We have species that are more adapted to warm climates and species that are adapted to cold climates. Under the current climate warming, we expect that those species adapted to warm climates will increase in relative abundance. That is the thermophilization process.

After 40 years of forest monitoring in the Peruvian elevational transect run by ABERG and the Bolivian elevational transect run by the Missouri Botanical Garden, we found that the average thermophilization process was an order of magnitude slower than the current regional warming rates. We were not expecting this. We basically found that these forests are not adapting fast enough.

Dispersion is one of the key factors for trees to expand or contract their ranges in an elevational gradient. Trees use animals or wind to disperse the seeds. But that strategy takes time. 

Beyond immediate species loss, what are the global consequences of the forest’s failure to adapt? How does it affect us in the United States?

Here in Winston-Salem, we wonder how important is the Amazon for us? The Amazon plays a big role in regulating the climate and the carbon cycle. The Amazon is storing all this carbon, not just above ground in the trees, but also below ground. There is a big amount of carbon reserves in the soils of the Amazon. If we release this with deforestation, with mining, we’re releasing all this carbon into the atmosphere, impacting or increasing global change. Actions that we’re doing here, they have an impact in the Amazon, and what’s happening in the Amazon has an impact here in Winston-Salem.

If we go down to the Amazon, we see these illegal mining places. They look like a desert.
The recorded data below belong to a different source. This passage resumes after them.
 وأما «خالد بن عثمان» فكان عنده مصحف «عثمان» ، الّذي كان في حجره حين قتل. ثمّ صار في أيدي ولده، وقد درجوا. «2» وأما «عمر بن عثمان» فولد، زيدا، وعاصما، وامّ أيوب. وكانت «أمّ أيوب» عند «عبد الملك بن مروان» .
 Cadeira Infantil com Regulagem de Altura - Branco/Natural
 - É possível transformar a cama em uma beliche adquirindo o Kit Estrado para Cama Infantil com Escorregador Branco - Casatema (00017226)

Before it used to be covered with a green, beautiful forest. But what the mining is doing, they remove the trees but also they remove everything in the soil, all the microorganisms, all the interactions between soil and plants. We are having loss in diversity, loss in function of the forest. And then the challenge is how do we recover those systems? How do we actually regrow those systems? That’s one of the sites that we’re working to improve.
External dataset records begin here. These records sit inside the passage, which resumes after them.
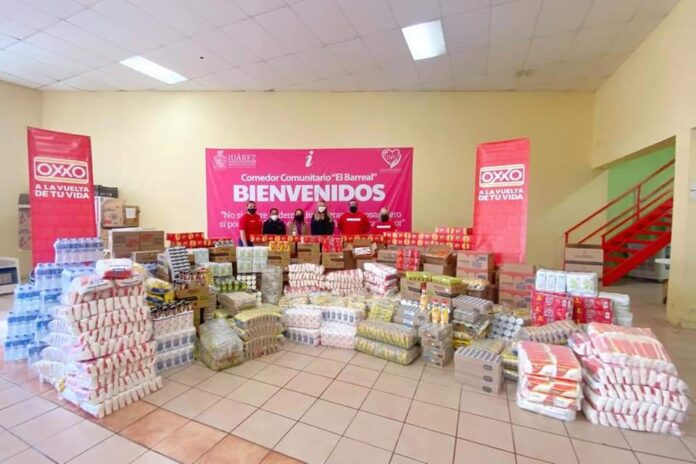 Ciudad Juárez, Chih. – Con el objetivo de que personas en condición vulnerable continúen recibiendo diariamente alimentos en los comedores comunitarios El Barreal y Siglo XXI, la empresa Tiendas OXXO Juárez, hizo un importante donativo a DIF Municipal.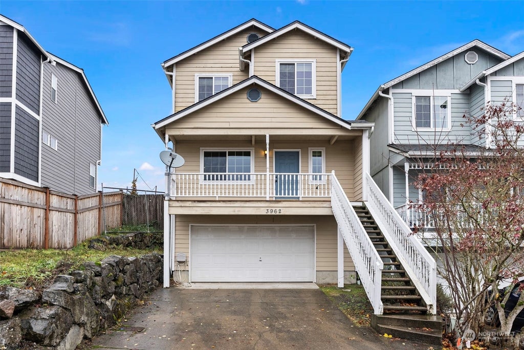 Perfectly located home in the heart of Bremerton! Sitting handsomely on a hill in the very back of the community, this home is both affordable and cute as a button. Spacious covered front porch greets you at the door when you enter the open concept living room, dining room and kitchen. Stainless steel appliances shine in the updated, chic kitchen. 3 bedrooms upstairs, including the Primary suite, with its own attached full bath. 2 additional bedrooms upstairs makes this home functional for you! Small, fenced in backyard for easy maintenance, and a side patio for those Saturday BBQ's. Easily walk or bike to restaurants, bars, shopping, bus station or the Bremerton Shipyard. Seller is offering a $2,000 flooring allowance for your own updates!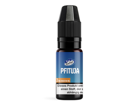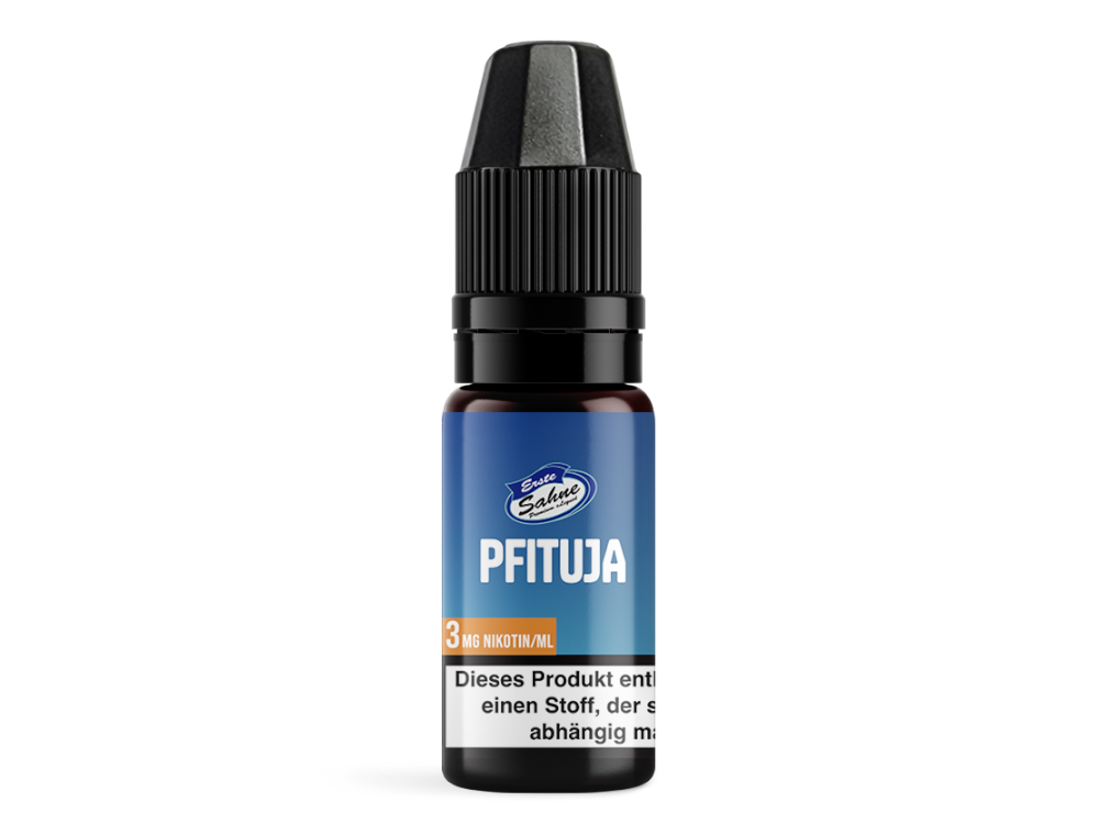 Die Liquids von der Marke Erste Sahne werden in Deutschland entwickelt und produziert. Verwenden Sie das Erste Sahne Liquid für Ihre E-Zigarette. Die 10 ml Flaschen mit Liquid sind in unterschiedlichen Nikotin-Stärken erhältlich. Wenn das Erste Sahne Liquid Pfituja gedampft wird, entfaltet sich der Geschmack von Pfirsichen und Maracujas. Jede Flasche enthält 10 ml Liquid in Ihrer gewählten Stärke.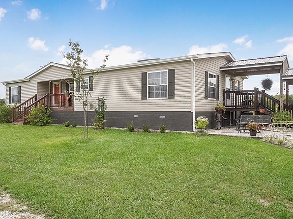 Lovely home sitting on approx 3+- acres in Rogersville School District. A covered front porch leads to the living room that features vaulted ceiling, free standing electric fireplace and access to a 12 x 12 deck. The kitchen has a skylight, island and pantry. The 3 bedrooms are nice size with 2 having walk- in closets. Outside, you will find a, storage shed (she shed), storm shelter, and a covered patio area leading to a new 40 x 30 3 car detached garage. Extra features include a new roof in 2017 and washer & dryer remain with the home.

Is there a point of no return? Why can’t we just plant more trees? 

Trees are long-lived organisms, and time is critical for them. Trees in the Amazon and Andes, some are over 500 years old. One of the critical things for them to adapt, to move, is absolutely time. There’s evidence that we had climate change in the past, but the rates were really slow. Now, warming is happening too fast for the trees to track it. They will have to acclimatize, changing some functional traits, like increasing the size of the leaves so they can do better photosynthesis or finding really cold micro-climates they can use as a refuge.
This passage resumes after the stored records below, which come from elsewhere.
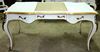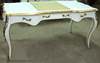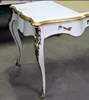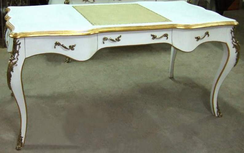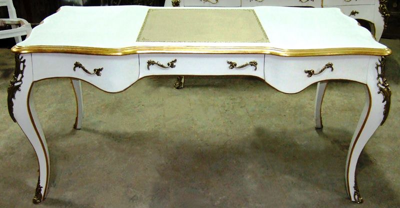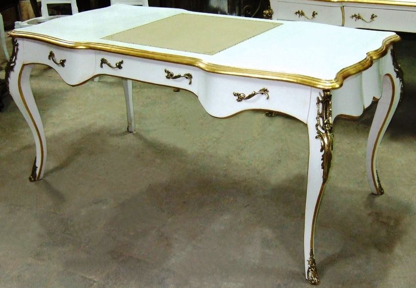 Delicate French Louis XV style desk with three drawers and cabriole legs, highly finished, painted in white, gilded on edges with French golden foils, centered on top with cream leather. The desk is ornamented with ormolu mounts and terminating with ormolu sabots.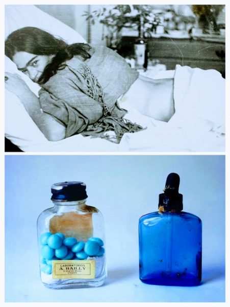 With her vision at its peak, Frida’s world was shrinking. Deteriorating health kept her mostly confined to home, or in hospital. Depressed by the failure of successive operations to improve her condition, Frida drank heavily and was probably addicted to morphine and barbiturates, among the many medications she was prescribed. Bottles and jars are displayed in one case, including herbal remedies, tablets and solutions, ampules, and other paraphernalia.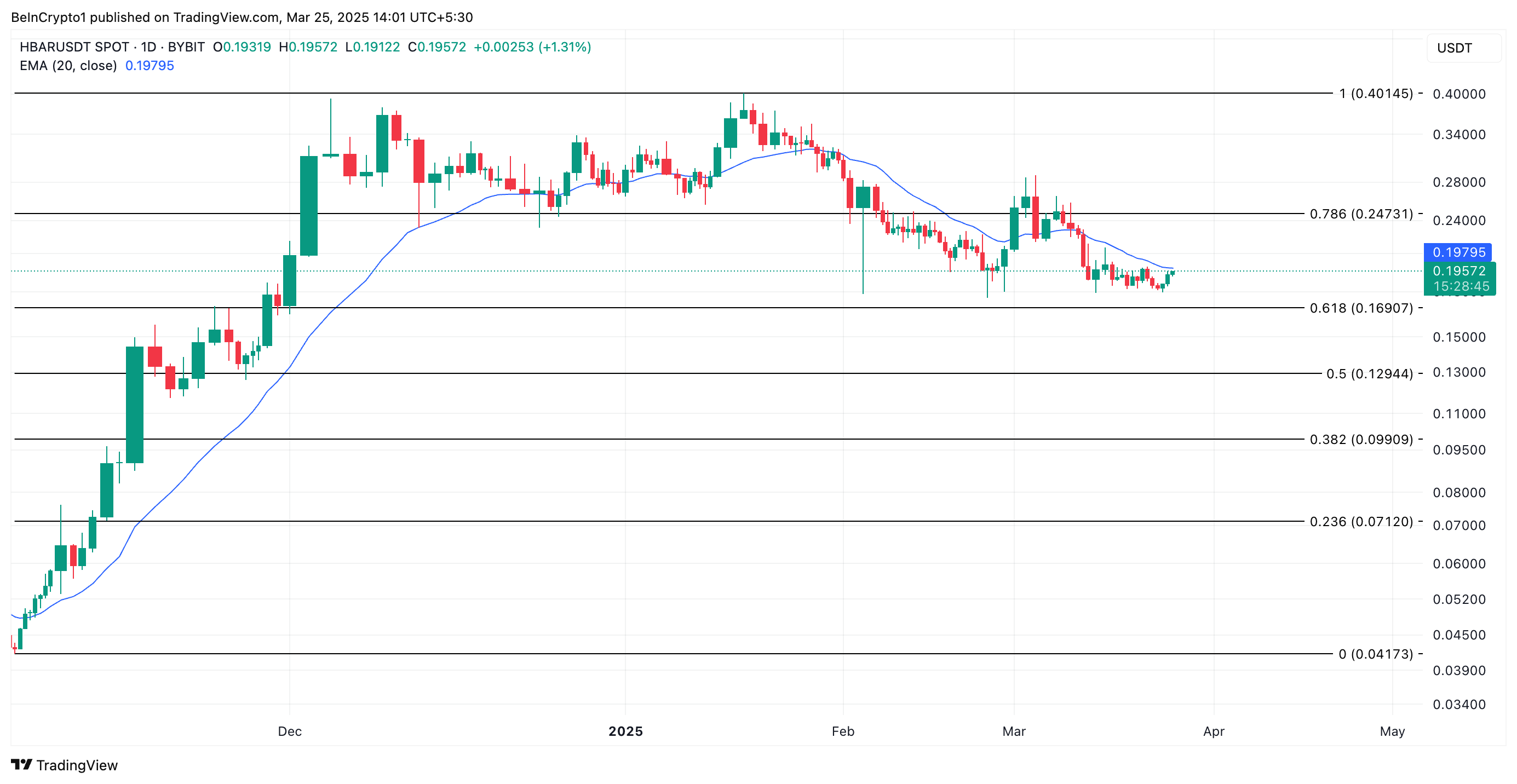 اختراق HBAR فوق المتوسط المتحرك الأسي لـ20 يومًا يمكن أن يعزز الضغط الصعودي في السوق ويحفز ارتفاعًا ممتدًا. في هذا السيناريو، يمكن أن يرتفع سعر الرمز إلى 0,24 دولار، مما يمثل زيادة بنسبة 26% من قيمته الحالية.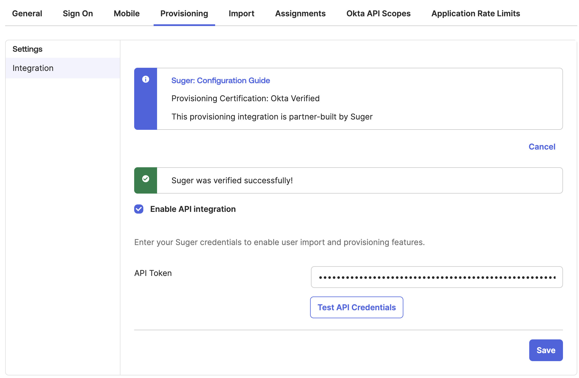 - Navigate to the Provisioning tab and click Configure API Integration.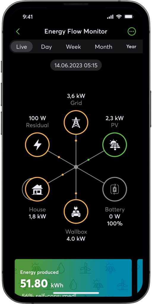 Our Smart Home system allows for comprehensive configurations for energy management and monitoring the energy consumption of lamps and household appliances. Integration of photovoltaic systems, wall boxes, and energy storage is easily possible. With Loxone, the system can also purchase electricity at the lowest prices and charge energy storage units. These functions are visible in the unified visualization of the energy monitor, making operation and monitoring easier.

When trees reach the thermal tipping point, the photosynthesis pathway is going to break and the trees will start dying. Maybe we’re seeing that, but we need to test for this. 

Survivorship is low when you are a seedling. A tree can be one centimeter in diameter and more than 50 years old. 

Once we identify those trees that are the winners in adapting to these novel environments, we can understand better their natural history and maybe we can use them to facilitate the upslope migration or reforestation campaigns in places where we’re losing forest cover.

We need to save forests because they are a really important component of regulation of the climate, regulation of the water cycle, regulation of the carbon cycle. And if we disrupt the dynamics, the function in this forest, we will be the ones who suffer the consequences.